** Opening Source material block **

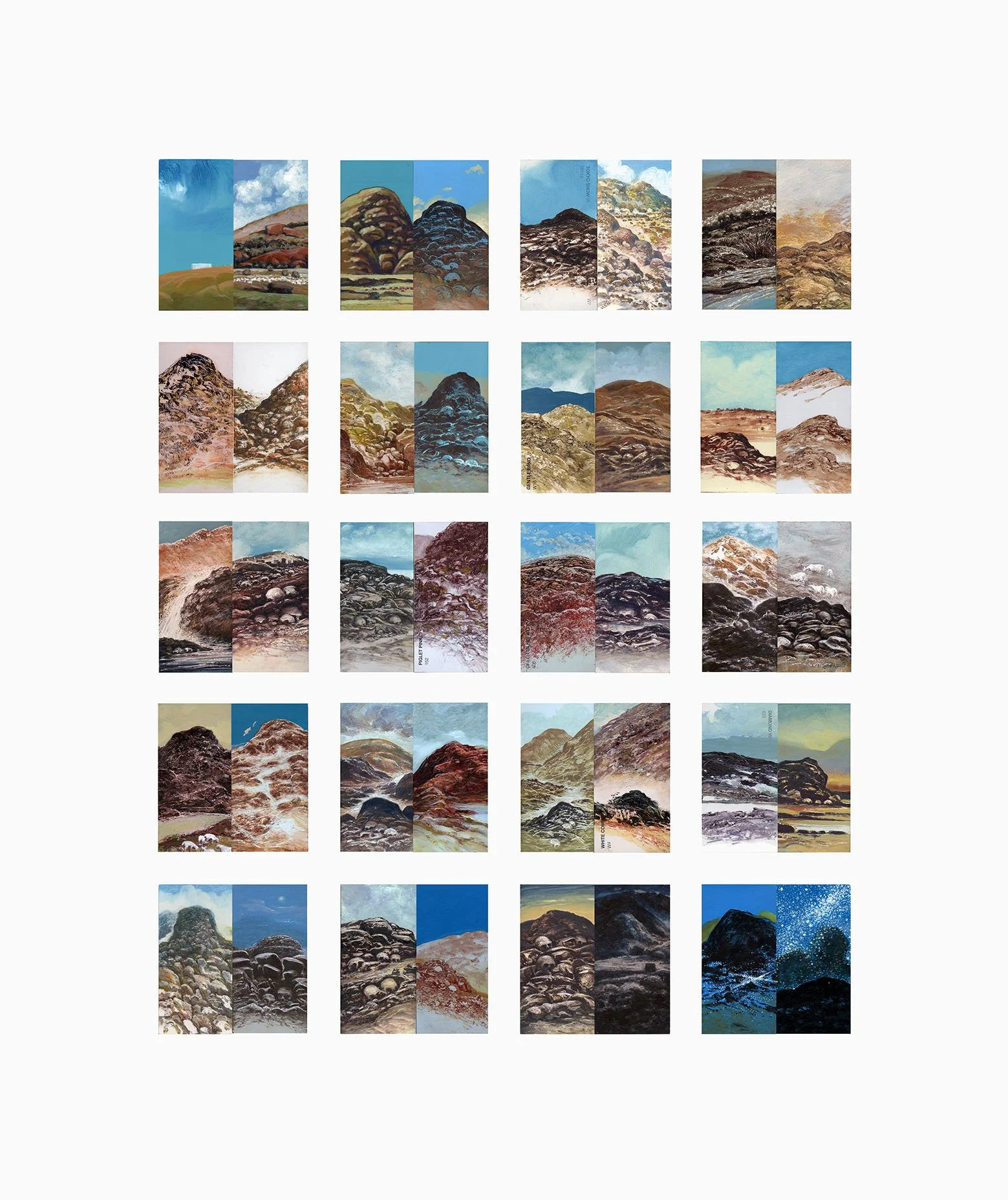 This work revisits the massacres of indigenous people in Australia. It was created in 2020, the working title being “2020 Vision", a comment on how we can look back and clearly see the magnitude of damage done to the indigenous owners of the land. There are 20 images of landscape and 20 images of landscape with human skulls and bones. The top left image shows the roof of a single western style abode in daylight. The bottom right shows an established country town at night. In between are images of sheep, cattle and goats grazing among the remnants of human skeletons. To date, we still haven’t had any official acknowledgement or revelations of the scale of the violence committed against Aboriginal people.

** Closing Source material block **
** Opening Source material block **

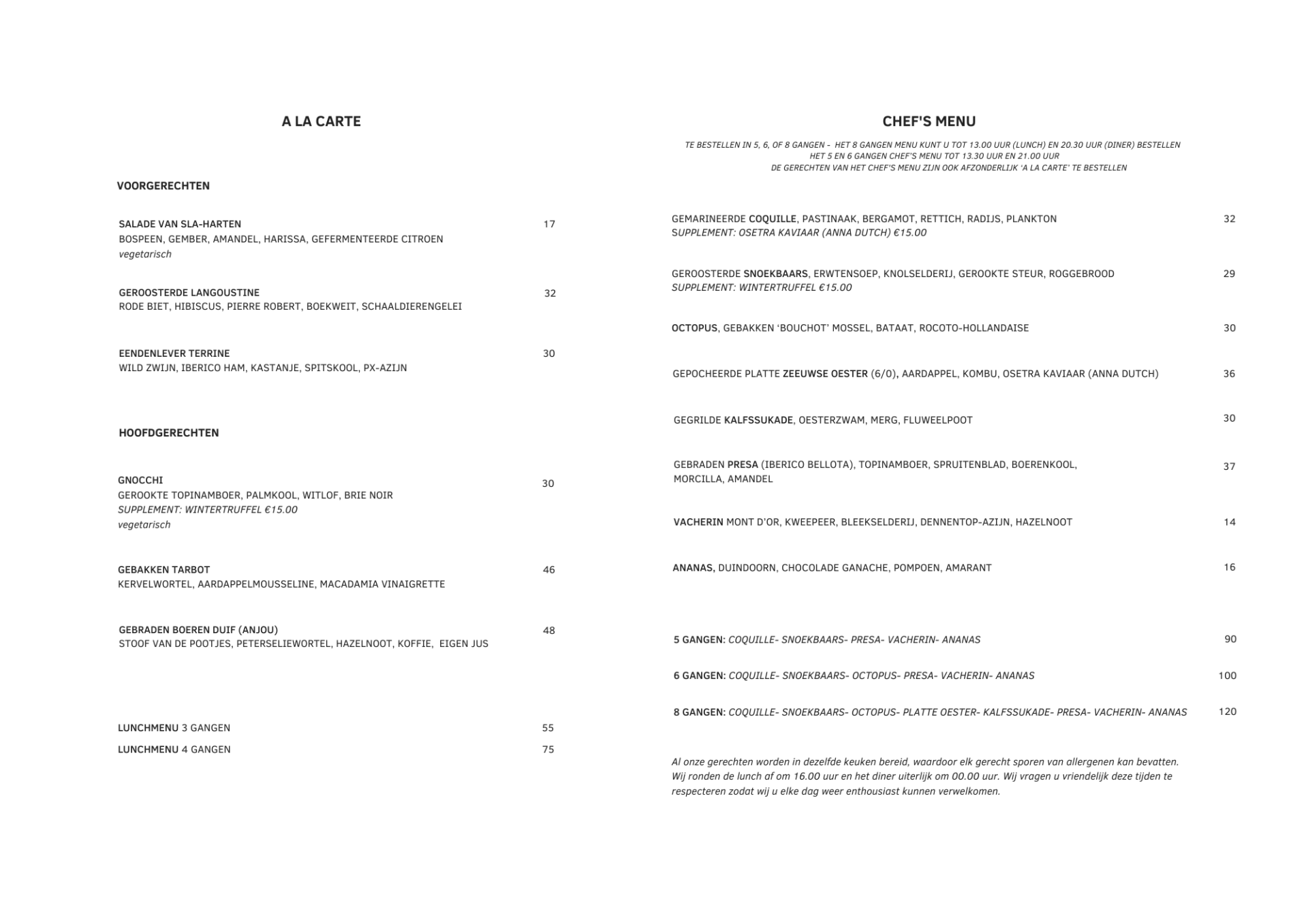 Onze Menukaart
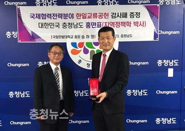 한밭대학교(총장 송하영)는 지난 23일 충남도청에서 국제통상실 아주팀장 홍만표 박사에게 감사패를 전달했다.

** Closing Source material block **
** Opening Source material block **

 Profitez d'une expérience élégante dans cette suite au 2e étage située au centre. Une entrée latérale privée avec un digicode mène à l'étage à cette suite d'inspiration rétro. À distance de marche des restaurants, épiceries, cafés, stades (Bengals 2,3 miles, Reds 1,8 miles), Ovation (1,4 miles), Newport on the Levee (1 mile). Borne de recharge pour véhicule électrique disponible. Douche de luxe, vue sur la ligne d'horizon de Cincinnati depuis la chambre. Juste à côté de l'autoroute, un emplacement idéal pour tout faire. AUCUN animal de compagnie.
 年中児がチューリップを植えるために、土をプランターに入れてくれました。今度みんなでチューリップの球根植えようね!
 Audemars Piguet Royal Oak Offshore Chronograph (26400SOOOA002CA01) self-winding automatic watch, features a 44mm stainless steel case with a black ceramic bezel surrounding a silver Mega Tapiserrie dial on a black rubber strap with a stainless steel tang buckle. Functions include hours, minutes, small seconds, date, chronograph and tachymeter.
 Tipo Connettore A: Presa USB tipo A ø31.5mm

** Closing Source material block **

What is being asked
All that belongs in the answer is the run of lines above from the line containing "年中児がチューリップを植える" through the line containing "Tipo Connettore A: Presa USB tipo A ø31.5mm", exactly as written.

Task answer
 年中児がチューリップを植えるために、土をプランターに入れてくれました。今度みんなでチューリップの球根植えようね!
 Audemars Piguet Royal Oak Offshore Chronograph (26400SOOOA002CA01) self-winding automatic watch, features a 44mm stainless steel case with a black ceramic bezel surrounding a silver Mega Tapiserrie dial on a black rubber strap with a stainless steel tang buckle. Functions include hours, minutes, small seconds, date, chronograph and tachymeter.
 Tipo Connettore A: Presa USB tipo A ø31.5mm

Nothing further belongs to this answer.